Tensors may also be used to compute the layers of a fully connected neural network, where the tensor is applied to the entire layer instead of individual unit values.

The output value of single layer unit $y_m$ is the sum-product of its input units and the connection weights filtered through the activation function $f$:
 $y_m = f\left(\sum_n x_n u_{m,n}\right).$
The vectors $x$ and $y$ of output values can be expressed as a mode-1 tensors, while the hidden weights can be expressed as a mode-2 tensor. In this example the unit values are scalars while the tensor takes on the dimensions of the network layers:
 $x_n \mapsto \mathcal{X}\in \mathbb{R}^{1 \times N},$
 $y_n \mapsto \mathcal{Y}\in \mathbb{R}^{M \times 1},$
 $u_n \mapsto \mathcal{U}\in \mathbb{R}^{N \times M}.$
In this notation, the output values can be computed as a tensor product of the input and weight tensors:
 $\mathcal{Y} = f ( \mathcal{X} \mathcal{U} ).$
which computes the sum-product as a tensor multiplication (similar to matrix multiplication).

This formulation of tensors enables the entire layer of a fully connected network to be efficiently computed by mapping the units and weights to tensors.

===In convolutional layers===
A different reformulation of neural networks allows tensors to express the convolution layers of a neural network. A convolutional layer has multiple inputs, each of which is a spatial structure such as an image or volume. The inputs are convolved by filtering before being passed to the next layer. A typical use is to perform feature detection or isolation in image recognition.

Convolution is often computed as the multiplication of an input signal $g$ with a filter kernel $f$. In two dimensions the discrete, finite form is:
 $(f*g)_{x,y} = \sum_{j=-w}^w \sum_{k=-w}^w f_{j,k} g_{x+j,y+k},$
where $w$ is the width of the kernel.

This definition can be rephrased as a matrix-vector product in terms of tensors that express the kernel, data and inverse transform of the kernel.
 $\mathcal{Y} = \mathcal{A}[(Cg) \odot (Bd)],$
where $\mathcal{A}, \mathcal{B}$ and $\mathcal{C}$ are the inverse transform, data and kernel.

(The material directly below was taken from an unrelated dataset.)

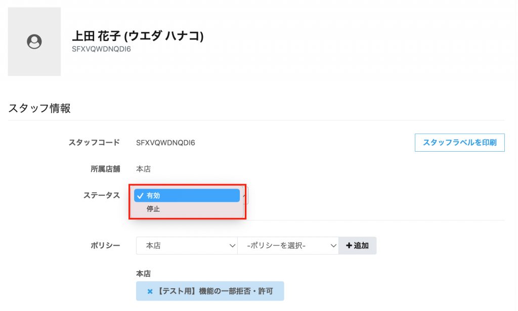 一方で、退職された場合もしくは誤って登録されてしまった場合は、【設定】メニューの【スタッフ・ポリシー】より当該スタッフコードをクリックのうえ、「ステータス」を『停止』へ変更し、「メモ」欄へ状況を記載のうえ、【スタッフ情報を更新する】をクリックして保存していただくことで、『有効』なスタッフを識別していただくことが可能です。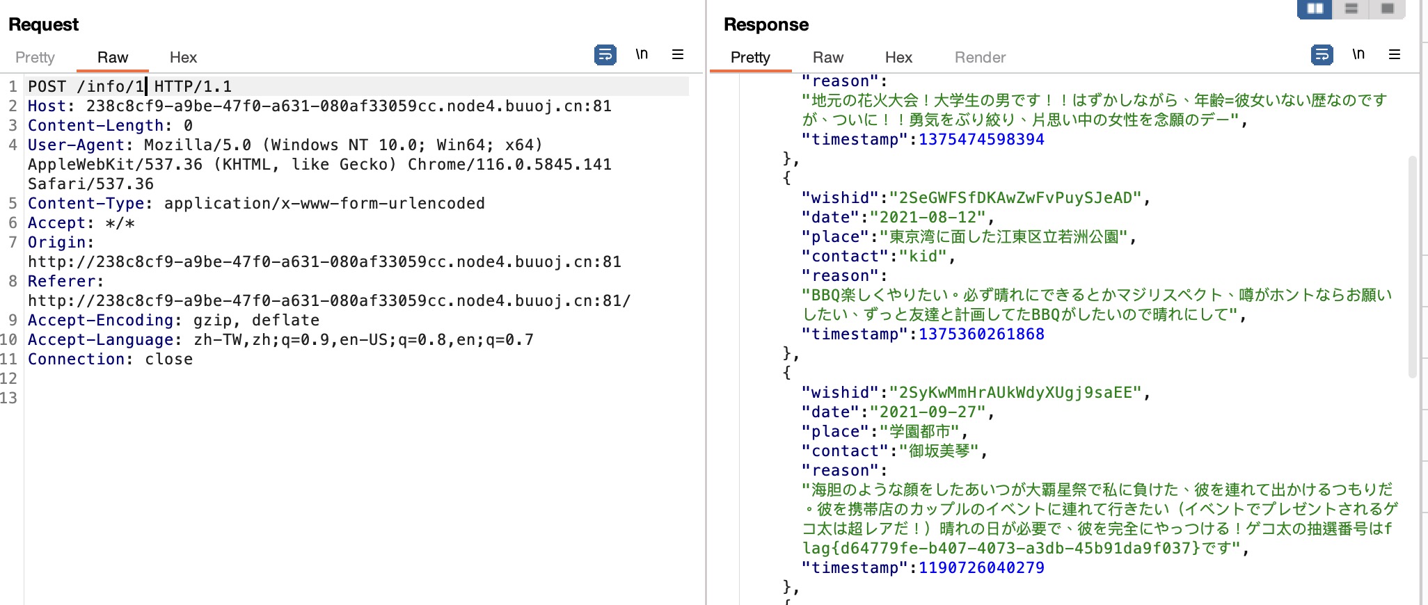 这里的逻辑就是你传入一个时间戳,然后和他设置的最小时间戳做对比,把大的那个时间戳作为 SQL 的查询匹配条件. 这里的思路就很明显了,我们要把它所有的时间戳的记录全部调出来,就能拿到 flag.

The derivation is more complex when the filtering kernel also includes a non-linear activation function such as sigmoid or ReLU.

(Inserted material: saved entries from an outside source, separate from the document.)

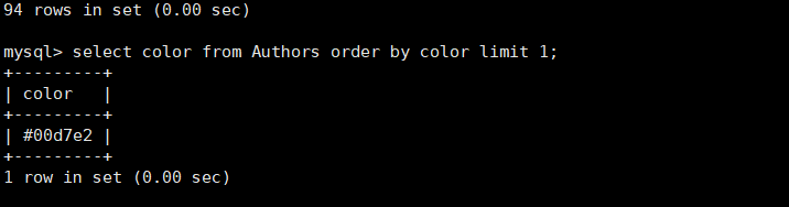 mysql> select ((substr(group_concat((select group_concat(schema_name) from information_schema.schemata)),1,1))=0); +-----------------------------------------------------------------------------------------------------+ | ((substr(group_concat((select group_concat(schema_name) from information_schema.schemata)),1,1))=0) | +-----------------------------------------------------------------------------------------------------+ | 1 | +-----------------------------------------------------------------------------------------------------+ 1 row in set (0.00 sec)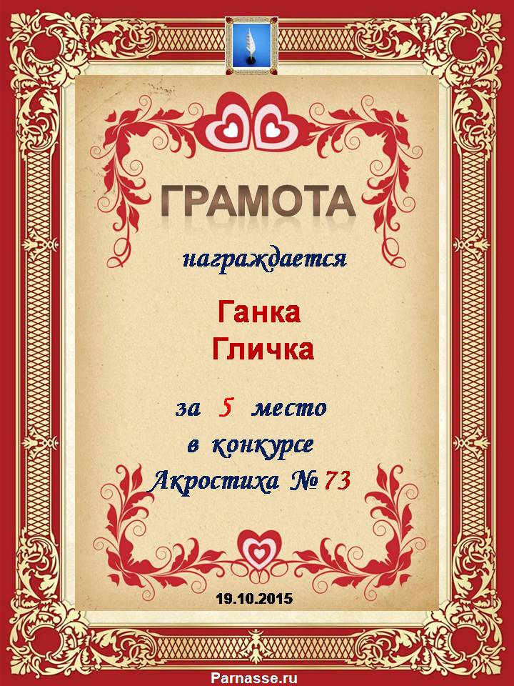 Грамота за 5 место в 108 конкурсе АКРОСТИХА (Альтернатива)! ПОЗДРАВЛЯЮ!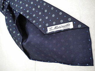 マリネッラのパーソナルオーダー会も好評のうちに終了した丸の内ブリックスクエアの「ソルフェリーノ」に、マリネッラの“一枚仕立て=スフォデラータ”ネクタイが入荷。裏地をなくすことで重量感は抑えつつ、美しい立体感を楽しむことができる。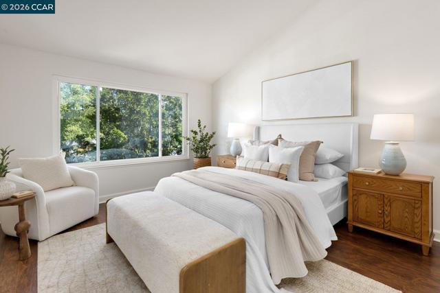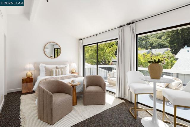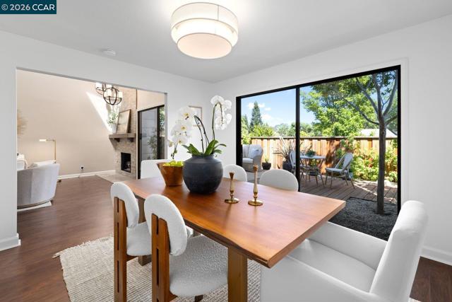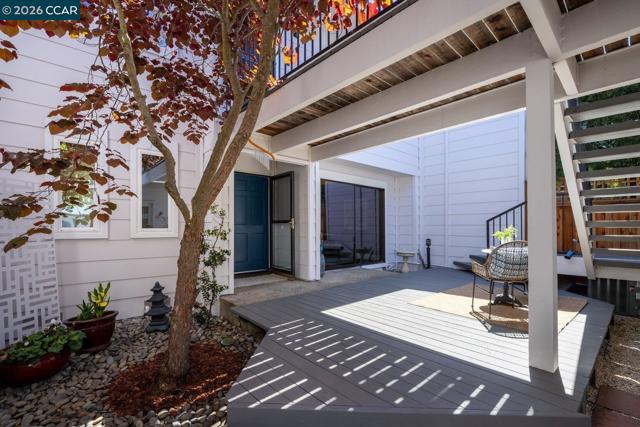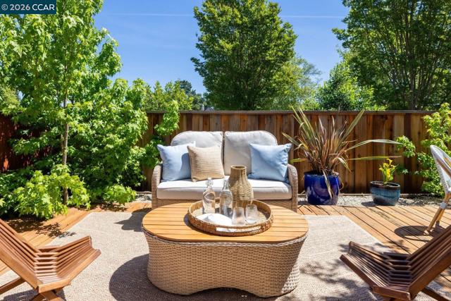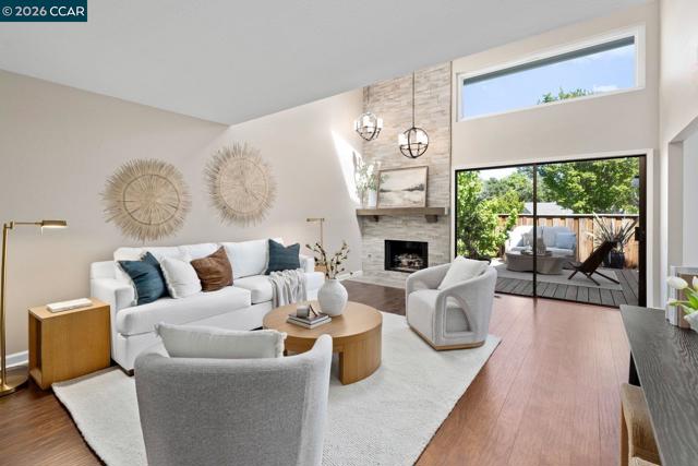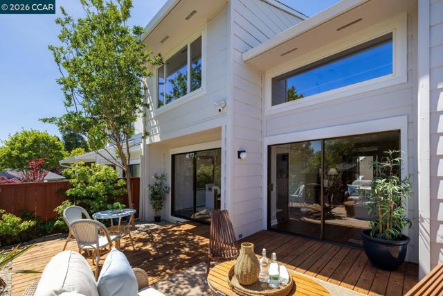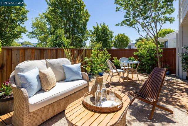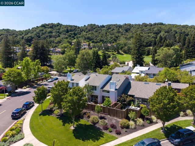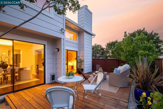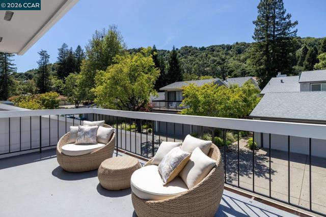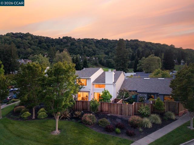 Beautiful renovations and stylish living await you in this exceptional 3-bedroom, 3.5-bath townhome — offering something no other home in the community can...a completely private third bedroom suite with its own separate exterior staircase and entrance, vaulted ceilings, full bathroom, kitchenette, and dedicated mini-split system for year-round heating and A/C comfort. Step inside the main house and the care of this renovation is immediately apparent. Soaring vaulted ceilings, three sun-drenched skylights and sliding glass doors throughout create a home that feels open, airy, and connected to the outdoors at every turn. The living room is a genuine showstopper — anchored by a custom-refaced stone fireplace with a tailored wood mantel and dual chandelier fixtures that feel both dramatic and warm. Wide-plank flooring flows throughout, tying every space together effortlessly. The fully reimagined kitchen features updated cabinetry and appliances, stone countertops, and subway tile — bright, clean, and ready for everything from quiet morning coffee to dinner with friends. Each bathroom has been thoughtfully remodeled, making this home genuinely move-in ready. With a front deck, back deck, and private patio off the third suite, you’ll never struggle to find your perfect spot — whether that’s morning sun over the mountains, afternoon shade, or an evening under the stars. Recently installed fencing and a front gate complete the outdoor experience beautifully. New owners receive immediate family membership to Moraga Country Club — bypassing the $75,000 initiation fee and the multi-year waitlist all new prospective members face. An 18-hole golf course, Junior Olympic pool, tennis and pickleball courts, fitness center, and dining are essentially in your backyard, just across the street. Top-rated schools serve this home — Los Perales Elementary, Joaquin Moraga Intermediate, and the highly regarded Miramonte High School — with a K-8 school bus stop directly across the street. Scenic hiking and biking trails, convenient shopping, and a weekend Farmers Market are just minutes away. Schedule your private showing today.

The hidden weights of the convolution layer are the parameters to the filter. These can be reduced with a pooling layer which reduces the resolution (size) of the data, and can also be expressed as a tensor operation.

===Tensor factorization===
An important contribution of tensors in machine learning is the ability to factorize tensors to decompose data into constituent factors or reduce the learned parameters. Data tensor modeling techniques stem from the linear tensor decomposition (CANDECOMP/Parafac decomposition) and the multilinear tensor decompositions (Tucker).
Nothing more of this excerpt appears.